**TASK PROMPT**:
Extract only the first line of the listing and every line after it up to and including the one with "逃げ馬要注意だねー!前後は互". Omit the pictures.

**DATA PROVIDED**:
····················
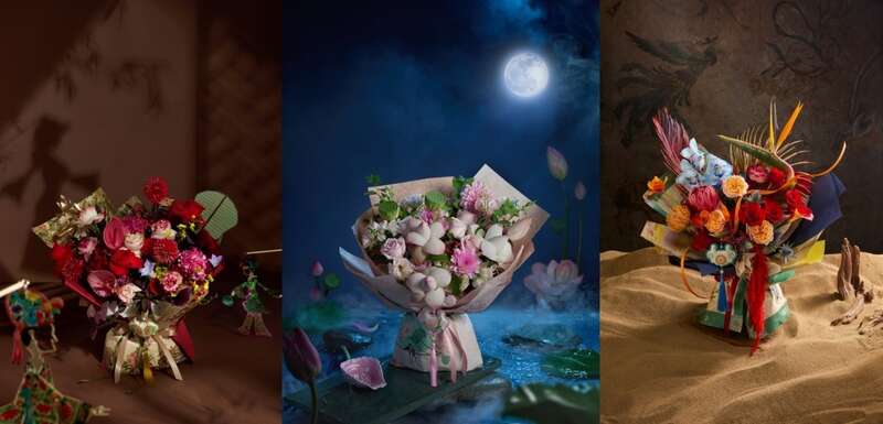与成都博物馆合作的“西厢记皮影花束”,灵感来源于皮影馆藏中国经典剧目《西厢记》中的爱情故事;与河南博物院合作的“粉彩荷花吸杯花束”,灵感来自文物“粉彩荷花吸杯”,用荷花传递文物“纯洁真挚”的含义;与敦煌市博物馆合作的“敦煌文化联名款花束”,用敦煌色调传递深沉、经典的敦煌元素。
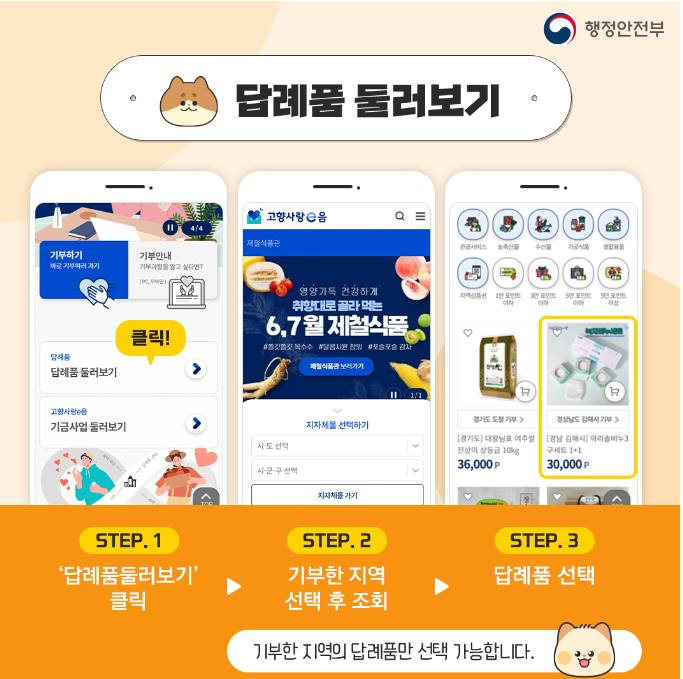 - 답례품 구매 시에는 예를 들어 경상남도에 기부를 완료했다면 경상남도 답례품을 구매가능합니다. 다른 지역 답례품은 구매 불가인 점! 기억하세요.
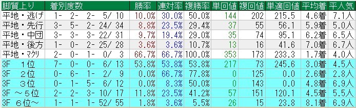 逃げ馬要注意だねー!前後は互角かな。後方待機・マクリが3勝挙げてるのに注目。これを裏付けるように上がり1位が7勝。上がり2位が2着6回、上がり3位が3着5回。なんか上がりの順番そのまま着順になっとる感じだな。
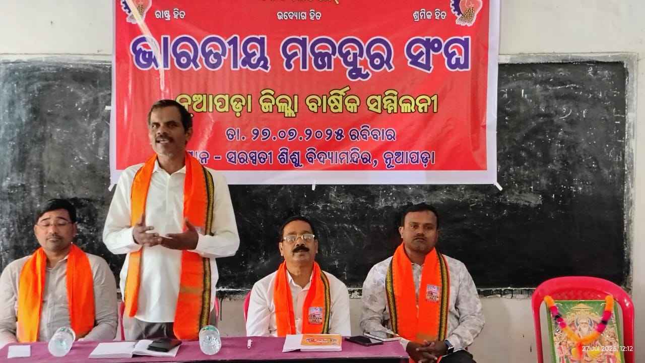 ନୂଆପଡ଼ା - ଆଜି ନୂଆପଡ଼ା ଜିଲ୍ଲା ସଦର ମହକୁମାର ଶିଶୁ ବିଦ୍ୟା ମନ୍ଦିର ଠାରେ ବି ଏମ ଏସ ନୂଆପଡ଼ା ଜିଲ୍ଲା ସଭାପତି ପ୍ରଦୀପ କୁମାର ଦଣ୍ଡସେନାଙ୍କ ଅଧ୍ୟକ୍ଷତାରେ ଆୟୋଜିତ ଜିଲ୍ଲା ସମ୍ମିଳନୀରେ ମୁଖ୍ୟ ଅତିଥି ରୂପେ ଭାରତୀୟ ମଜଦୂର ସଂଘ ରାଜ୍ୟ ସାଙ୍ଗଠନିକ ସମ୍ପାଦକ ଲକ୍ଷ୍ମଣ ଦାସ,ଜିଲ୍ଲା ପ୍ରଭାରୀ ତଥା ରାଜ୍ୟ ସମ୍ପାଦକ ବିଶ୍ଵ ରଞ୍ଜନ ସା,ଜିଲ୍ଲା ସମ୍ପାଦକ ବାବୁଲାଲ ମାଝୀ ଯୋଗଦାନ କରି ମଞ୍ଚାସିନ ଥିଲେ ।ସଭାପତି ବାର୍ଷିକ ସମ୍ମିଳନୀର ଉଦ୍ଦେଶ୍ୟ ଜ୍ଞାପନ କରିଥିବାବେଳେ ସମ୍ପାଦକ ବି ଏମ ଏସ ରେ ଅନୁବନ୍ଧିତ ସମସ୍ତ ସଂଗଠନ ଗୁଡ଼ିକର ସବିଶେଷ ବିବରଣୀ ଉପସ୍ଥାପନ କରିଥିଲେ ।ଆଜିର ମୁଖ୍ୟ ଅତିଥି ଭାରତୀୟ ମଜଦୂର ସଂଘର ବୈଶିଷ୍ଟ୍ୟତା କୁ ପୁଙ୍ଖାନୁପୁଙ୍ଖ ଆଲୋଚନା କରି ସଂଘ କାର୍ଯ୍ୟ କର୍ମକର୍ତ୍ତାଙ୍କ ମନୋବଳ ଦୃଢ଼ କରିବା ସହିତ ଅନ୍ୟ ସମସ୍ତ ସଂଘ ଗୁଡ଼ିକର ଉଦାହରଣ ରଖି ବି ଏମ ଏସ ର ସ୍ୱତନ୍ତ୍ରତା ପ୍ରତିପାଦନ କରିଥିଲେ ।ସଙ୍ଘୀୟ ନୀତି ନିୟମରେ ବାନ୍ଧି ହୋଇ ସର୍ବଦା ଲୋକଙ୍କ ସେବା କରିବାକୁ ଆହ୍ବାନ କରିଛନ୍ତି ।ପ୍ରଭାରୀ ବିଶ୍ଵ ଭାଇ ସମ୍ମିଳନୀ କଣ ଏବଂ ପ୍ରତି ବର୍ଷ ସମ୍ମିଳନୀ କରିବାର ଯଥାର୍ଥତା ସ୍ପଷ୍ଟ ଭାବରେ ବୁଝାଇଥିଲେ ଏବଂ କମିଟି ଗଠନ ଦିଗରେ ଆଲୋଚନା କରିବା ପରେ ସର୍ବ ସମ୍ମତିକ୍ରମେ ପୁନର୍ବାର ଜିଲ୍ଲା ସଭାପତି ପଦରେ ପ୍ରଦୀପ କୁମାର ଦଣ୍ଡସେନାଙ୍କୁ ଏବଂ ଜିଲ୍ଲା ସମ୍ପାଦକ ପଦବୀ ରେ ବାବୁଲାଲ ମାଝୀ ଚୟନିତ ହୋଇଛନ୍ତି ।ଆଜିର ନୂତନ କମିଟି ଗଠନ ହୋଇଛି ଏବଂ ଏହି କମିଟିରେ କୁଞ୍ଜ ବିହାରି କଟା ୱର୍କିଙ୍ଗ ପ୍ରେସିଡେଣ୍ଟ,ଗୋମତୀ ମାଝୀ ଉପ ସଭାନେତ୍ରୀ, ବଳଧର କେତକୀ ସହ ସମ୍ପାଦକ, ଡୋଲେଶ୍ୱରି କଟା ସହ ସଂପାଦିକା,ଦିନ ମଞ୍ଜୁରୀ ଭୋଇ କୋଷାଧ୍ୟକ୍ଷ,ରାମନାଥ ପଣ୍ଡା ମିଡିଆ ସେଲ, ରାଜ କୁମାର ରାଉତ ପର୍ଯ୍ୟାବରଣ ମଞ୍ଚ,ସୁକ ଦେବ ସାହୁ ସାମାଜିକ ସମରସତା,ବିନୟ ରାଉତ କୁଟୁମ୍ବ ପ୍ରବୋଧନ ଏବଂ ପିଣ୍ଟୁ ହଂସଙ୍କୁ ନାଗରିକ କର୍ତ୍ତବ୍ୟ ଦାୟୀତ୍ୱ ପ୍ରଦାନ କରାଯାଇଛି ।ସମ୍ମିଳନୀରେ ଭକ୍ତ ବନ୍ଧୁ ଧରୁଆ,ଚନ୍ଦ୍ର ପ୍ରଭା ପାଣିଗ୍ରାହୀ,ମିନତି ପଣ୍ଡା,ସୁନିତା ସିଂ ଦେଓ,ଦେବି ଚରଣ ପାଣ୍ଡେ,ଉପେନ୍ଦ୍ର ଠେଲା,ମାକ୍ରମ୍ ବରିହା, ବାଲ କୁମାର ମାଝୀ,ଆକାଶ କଟାଙ୍କ ସମେତ ବିଭିନ୍ନ ସଂଗଠନରୁ ପଦାଧିକାରୀ ଉପସ୍ଥିତ ରହିଥିଲେ । ଆସନ୍ତା ଅଗଷ୍ଟ ୧୦ ତାରିଖ ସୁଦ୍ଧା ସମସ୍ତ ବ୍ଲକରେ କମିଟି ଗଠନ କରିବାକୁ ସ୍ଥିର ହୋଇଛି ।ପ୍ରତି ମାସରେ ବ୍ଲକ ସ୍ତରୀୟ ସଭା କରିବାର ଚିନ୍ତନ କରାଯାଇଛି ।
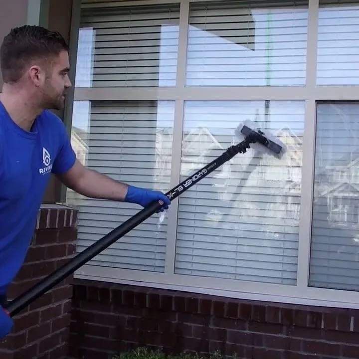 Ground-level storefront glass and low-rise exterior windows. One-time or recurring routes.
····················
**ANSWER TO THIS TASK**:
与成都博物馆合作的“西厢记皮影花束”,灵感来源于皮影馆藏中国经典剧目《西厢记》中的爱情故事;与河南博物院合作的“粉彩荷花吸杯花束”,灵感来自文物“粉彩荷花吸杯”,用荷花传递文物“纯洁真挚”的含义;与敦煌市博物馆合作的“敦煌文化联名款花束”,用敦煌色调传递深沉、经典的敦煌元素。
 - 답례품 구매 시에는 예를 들어 경상남도에 기부를 완료했다면 경상남도 답례품을 구매가능합니다. 다른 지역 답례품은 구매 불가인 점! 기억하세요.
 逃げ馬要注意だねー!前後は互角かな。後方待機・マクリが3勝挙げてるのに注目。これを裏付けるように上がり1位が7勝。上がり2位が2着6回、上がり3位が3着5回。なんか上がりの順番そのまま着順になっとる感じだな。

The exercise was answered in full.